Why should she think that I’m any different? I could be worse. Men like me do take advantage of women like her, women without money or hope; they use their bodies for their own satisfaction and then abandon them, just as Parson White said. How cruel I must have seemed when I first met her – so harsh. And if indeed she loves me as she says she does, then she wouldn’t want me to be compromised and she wouldn’t want to be just taken care of – not with money – like some doxy.

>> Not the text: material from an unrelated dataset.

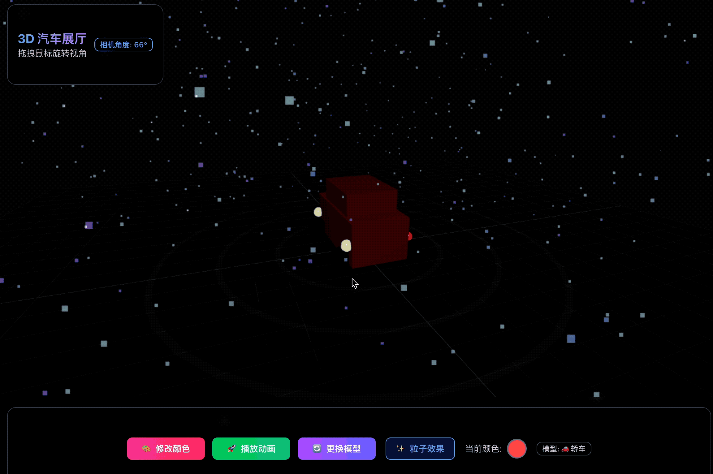 "优化这个项目,我想让汽车看起来更酷炫,可以加一些粒子效果什么的,然后UI也做的好看一些。场景也美观一些。鼠标可以点击旋转视角来进行观察。"

He leaned against the bulwark and stared into the distance. How intolerable for her. He thought of his friend Greg and his question, ‘What will you do with this wonderful woman?’ Annie wouldn’t know of my intentions, even I don’t know what they are, I haven’t thought about it. I’ve just been so besotted by her. But I would never abandon her, or my child. My child! He felt a warming of his spirit. A child of his loins.
He turned towards his cabin below decks. He’d try to sleep. Tomorrow they would reach Holland. They would load as quickly as possible for an immediate turn around. With luck and a following wind they would reach home shores in just a few days and he would set in motion all posible means at his disposal of finding her and bringing her back.
But he lay sleepless and restless in his bunk. She had already disappeared once, from her life in Hull. Was she being searched for by someone from that town? She had hidden from the world in Toby’s cottage and he had protected her.
He sat up and put his head in his hands. She could so easily disappear again, only this time she might not be so lucky to find someone like Toby. The possibilities of the hazards facing her loomed large and menacing and he was gripped by a grim cold fear.